Alex Cadier, co-author of the Guardian's report and UK managing editor at NewsGuard, stated that "TikTok has failed to stop the spreadof dangerous health misinformation via their app." "Despite claims that they are taking steps to combat misinformation, the app still allows antivaccine content and health hoaxes spread relatively unimpeded," said Alex Cadier, UK managing editor for NewsGuard.

NewsGuard conducted the study between August and September. It asked children aged nine to seventeen from diverse cultural backgrounds to create TikTok accounts. Although the app is restricted to users under 13, three of the youngest users were able create accounts without any outside assistance. Statista reports that 25% of TikTok users aged between 10 and 19 were active in the US as of March 2021.

Insider was told that TikTok has a terrible record of removing misinformation videos. Videos with vaccine misinformation remain on Tik Tok for months. Katrine Wallace, University of Illinois School of Public Health Epidemiologist, said that Tik Tok's inability to remove misinformation videos. The more viral these videos become, the more people will see them. Unfortunately, some of those who see them will be children due to the nature algorithm.

TikTok's community guidelines for COVID-19 and its vaccinations prohibit "false and misleading" content. The company has teams that identify and remove misinformation and evaluate all COVID-related content case-by-case.

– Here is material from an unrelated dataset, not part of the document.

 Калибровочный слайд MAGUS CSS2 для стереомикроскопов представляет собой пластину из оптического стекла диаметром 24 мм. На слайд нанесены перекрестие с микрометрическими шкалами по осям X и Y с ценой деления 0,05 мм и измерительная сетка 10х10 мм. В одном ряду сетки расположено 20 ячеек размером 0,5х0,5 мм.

It also stated that the app promotes an "age-appropriate user experience", which discourages and removes accounts from underage users. The app also restricts LIVE and Direct messaging features to younger teens. In September, Douyin, the Chinese version TikTok announced that it would limit the time users can use the app to 40 minutes per week.

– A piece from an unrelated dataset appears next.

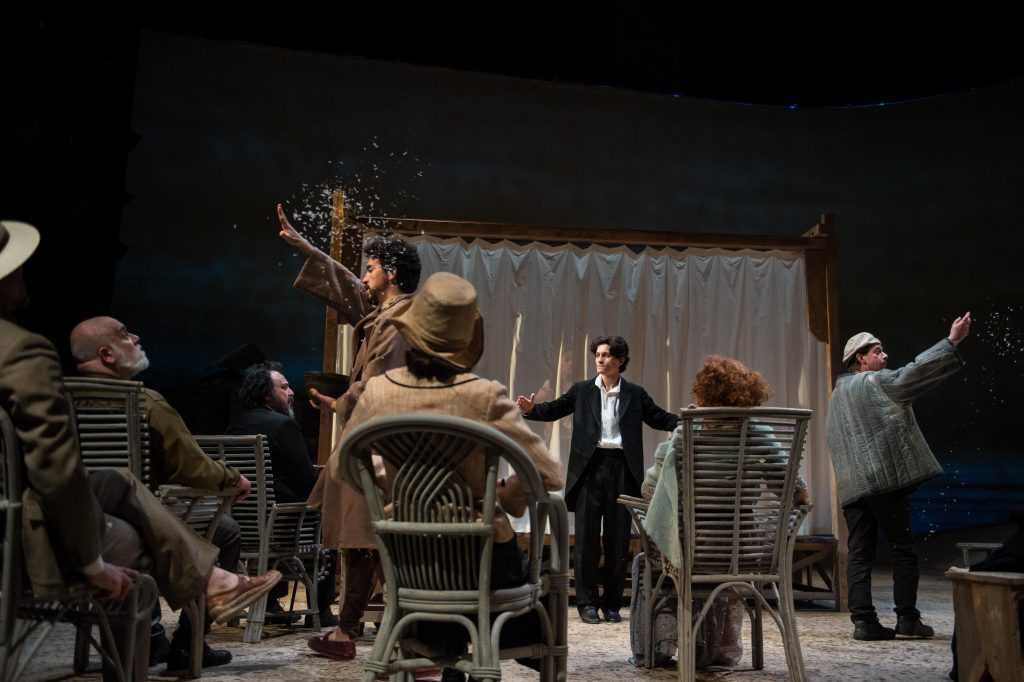 Čechov è condanna, non c’è molto spazio per pietismi, la sua è una scrittura che non si risparmia e che insiste sulle miserie morali anche attraverso le nevrosi linguistiche che in questa messinscena per scelta del traduttore Danilo Macrì e del regista sono decisamente più evidenti: sono state ripristinate le varianti del testo altre che per censura (e anche per intenzione dello stesso autore conciliante con il suo pubblico) nelle successive messinscene furono ignorate e questo permette di godere maggiormente dell’insistito oscillare dei protagonisti tra il tragico ed il ridicolo.

TikTok did not respond to a request for comment regarding the NewsGuard report.

Other than TikTok and Instagram, social media platforms such as Twitter, Instagram, Facebook, and Twitter have been under fire recently. Increased transparency by the companies has revealed more about the effects of social media on society, especially for younger generations. A Facebook whistleblower revealed how its platforms can psychologically harm teenager users this week. High-profile social media influencers continue to spread COVID misinformation and increase the number of harmful content directed towards younger viewers.